» Data shown:
*** Begin section ***

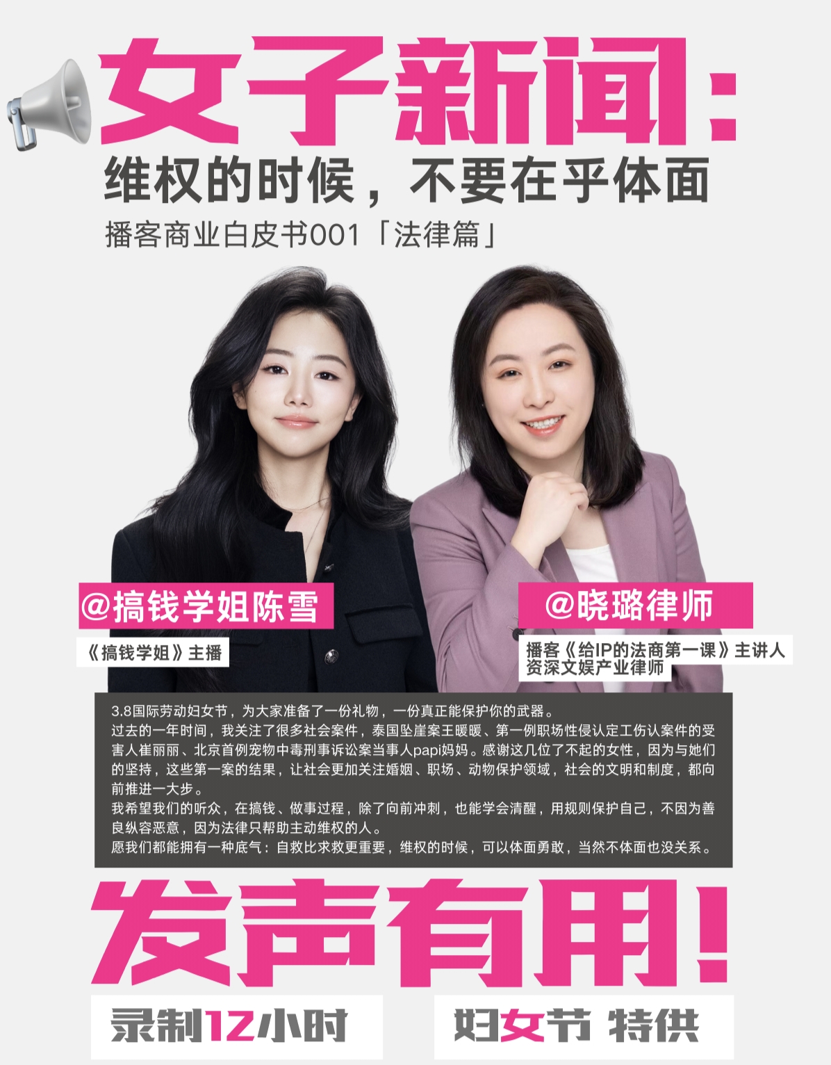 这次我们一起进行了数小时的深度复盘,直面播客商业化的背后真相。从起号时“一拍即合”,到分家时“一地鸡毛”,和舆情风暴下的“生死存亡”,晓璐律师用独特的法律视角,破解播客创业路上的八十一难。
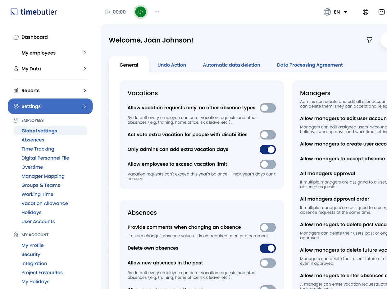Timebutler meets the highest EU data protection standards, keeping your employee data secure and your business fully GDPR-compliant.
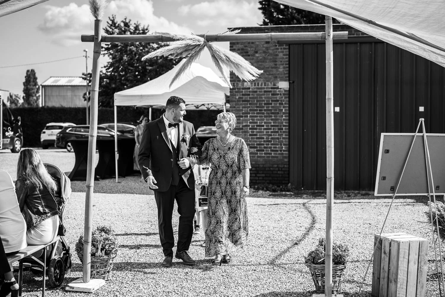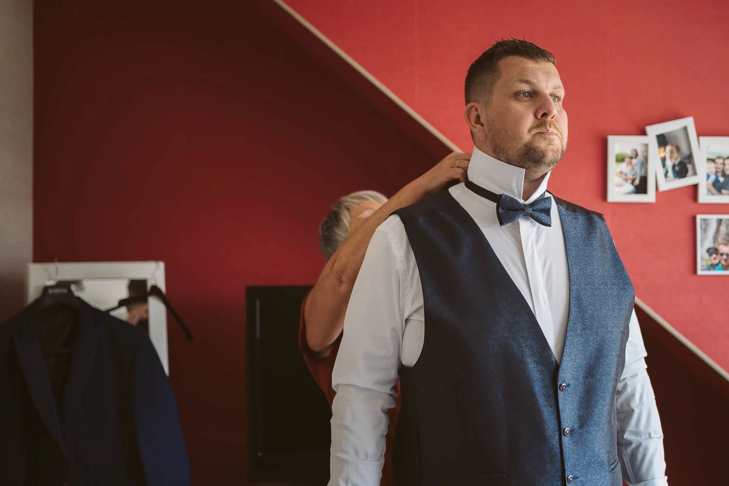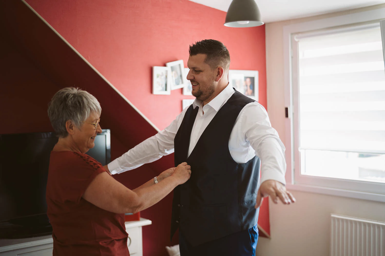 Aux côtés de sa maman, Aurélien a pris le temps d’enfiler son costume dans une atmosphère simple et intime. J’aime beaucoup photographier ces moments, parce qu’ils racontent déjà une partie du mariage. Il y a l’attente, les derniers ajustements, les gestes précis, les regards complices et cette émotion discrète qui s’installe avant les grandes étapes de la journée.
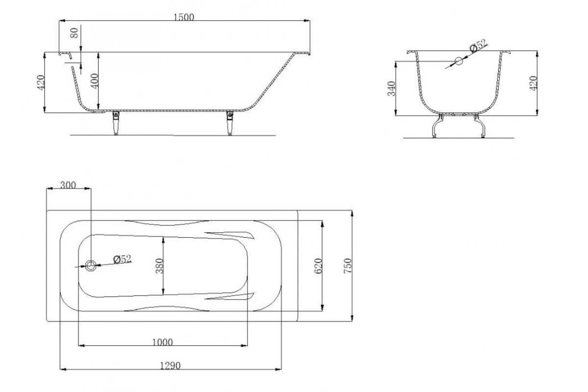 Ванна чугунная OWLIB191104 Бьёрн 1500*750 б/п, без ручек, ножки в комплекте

*** End section ***

» Exercise: Print every line above exactly. Leave the pictures out.

» Response:
 这次我们一起进行了数小时的深度复盘,直面播客商业化的背后真相。从起号时“一拍即合”,到分家时“一地鸡毛”,和舆情风暴下的“生死存亡”,晓璐律师用独特的法律视角,破解播客创业路上的八十一难。
Timebutler meets the highest EU data protection standards, keeping your employee data secure and your business fully GDPR-compliant.
 Aux côtés de sa maman, Aurélien a pris le temps d’enfiler son costume dans une atmosphère simple et intime. J’aime beaucoup photographier ces moments, parce qu’ils racontent déjà une partie du mariage. Il y a l’attente, les derniers ajustements, les gestes précis, les regards complices et cette émotion discrète qui s’installe avant les grandes étapes de la journée.
 Ванна чугунная OWLIB191104 Бьёрн 1500*750 б/п, без ручек, ножки в комплекте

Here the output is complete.